+++ RECORDED DATA
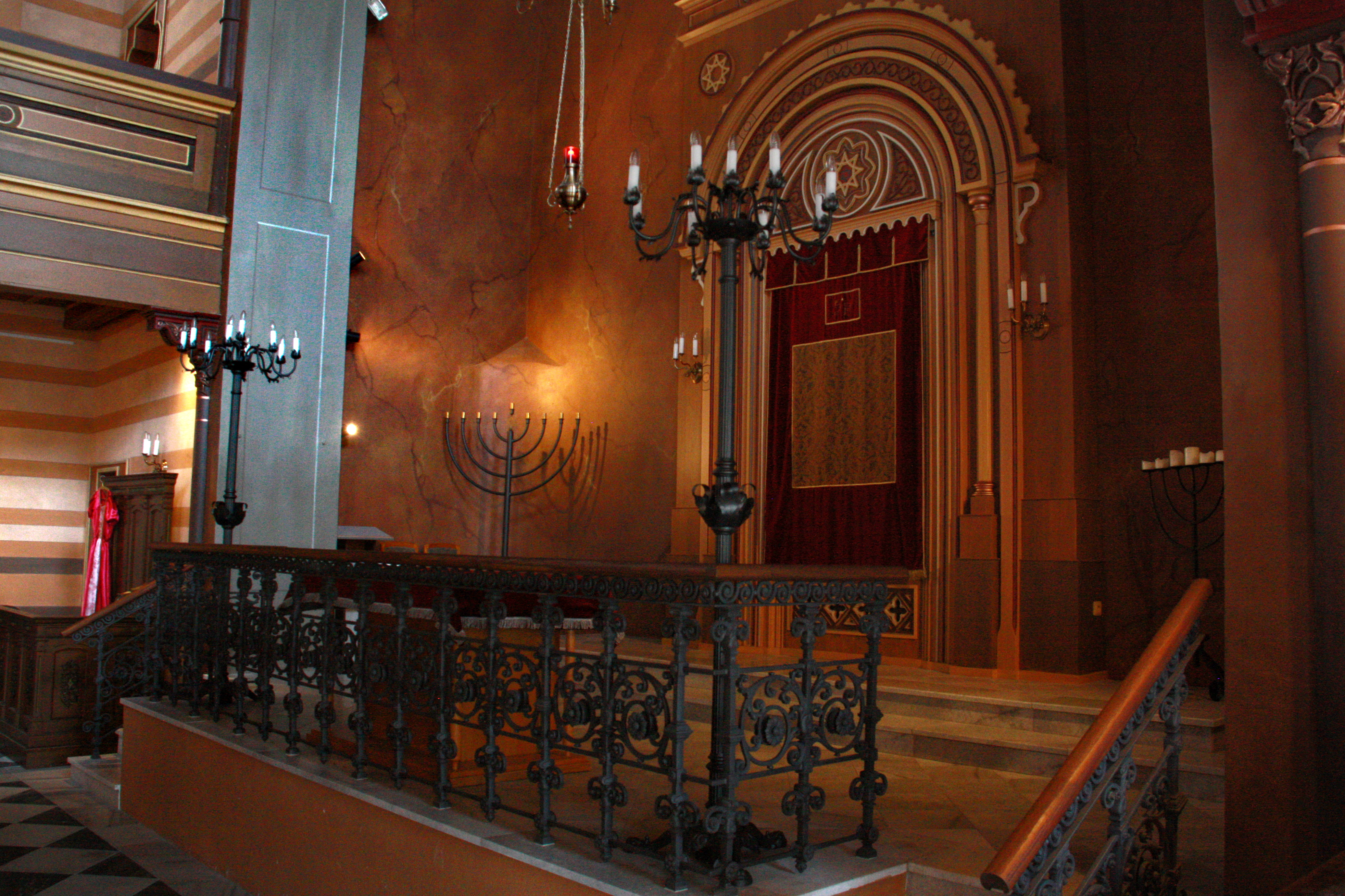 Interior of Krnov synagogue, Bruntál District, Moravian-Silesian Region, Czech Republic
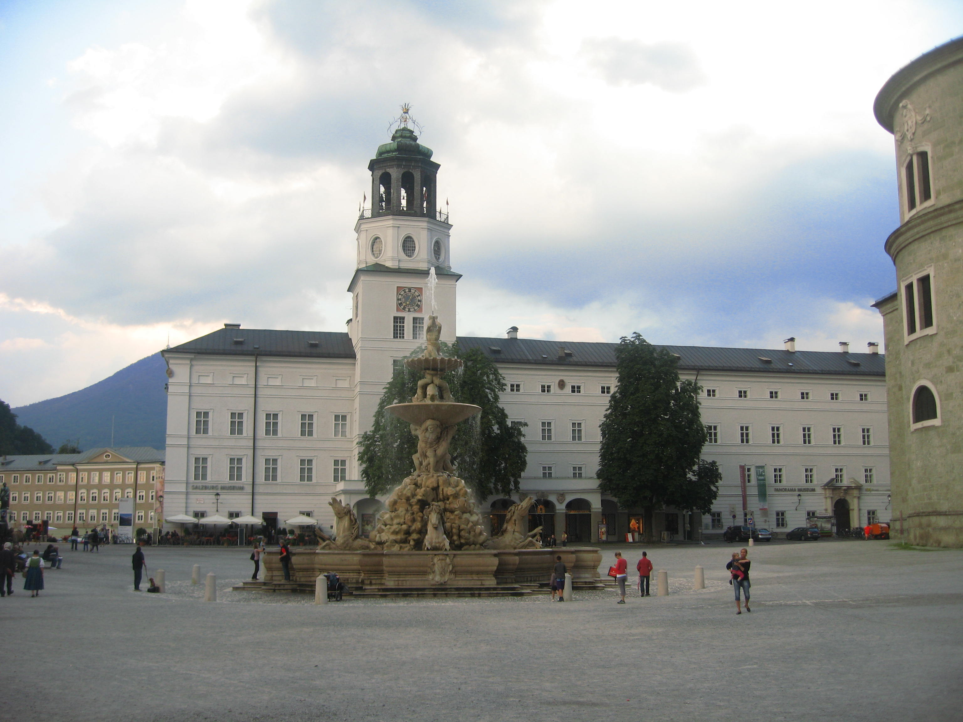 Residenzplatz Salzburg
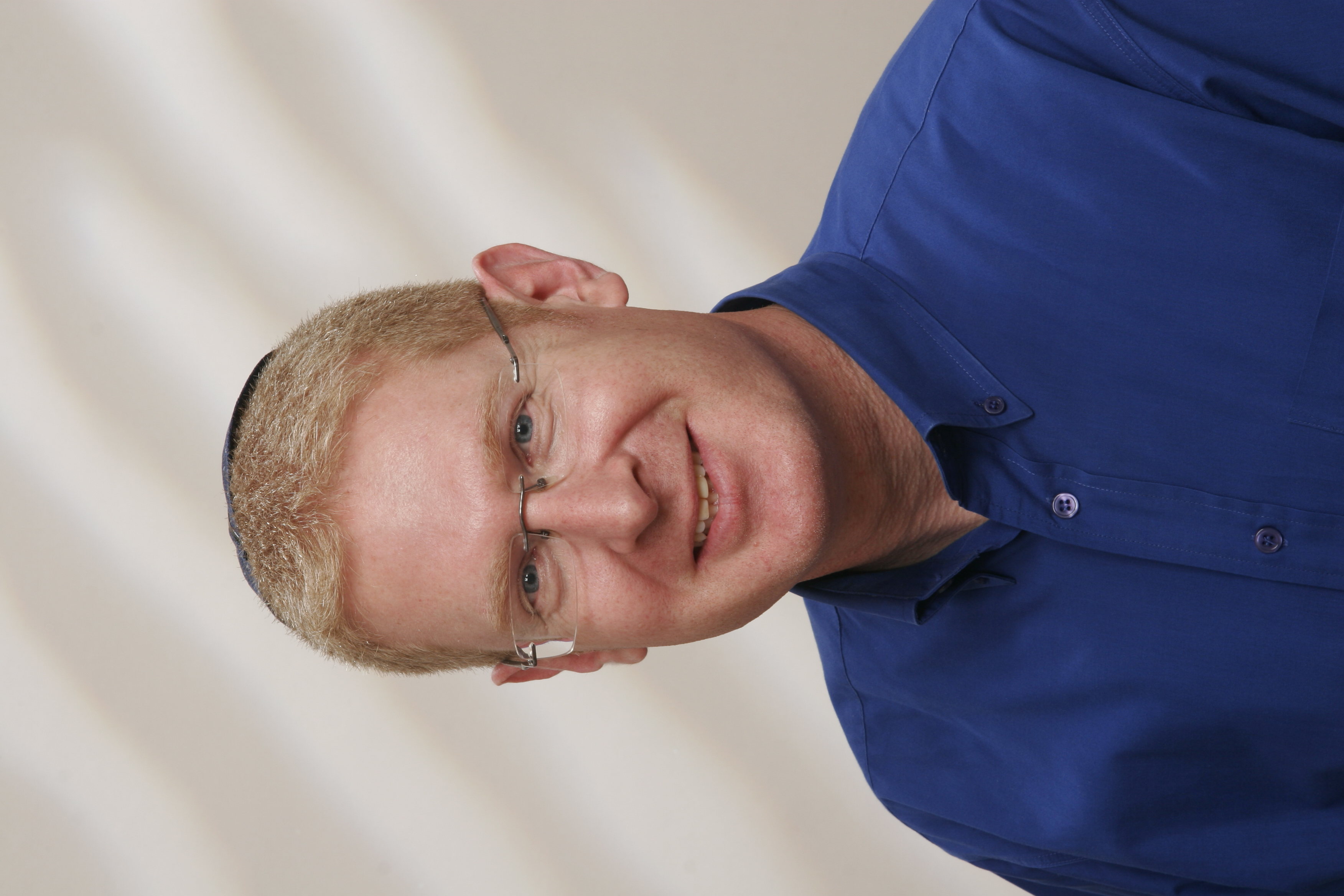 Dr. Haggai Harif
++++++
- EXERCISE INSTRUCTIONS
All of the lines above should be copied exactly, apart from the pictures.

- RESPONSE TO THE TASK
 Interior of Krnov synagogue, Bruntál District, Moravian-Silesian Region, Czech Republic
 Residenzplatz Salzburg
 Dr. Haggai Harif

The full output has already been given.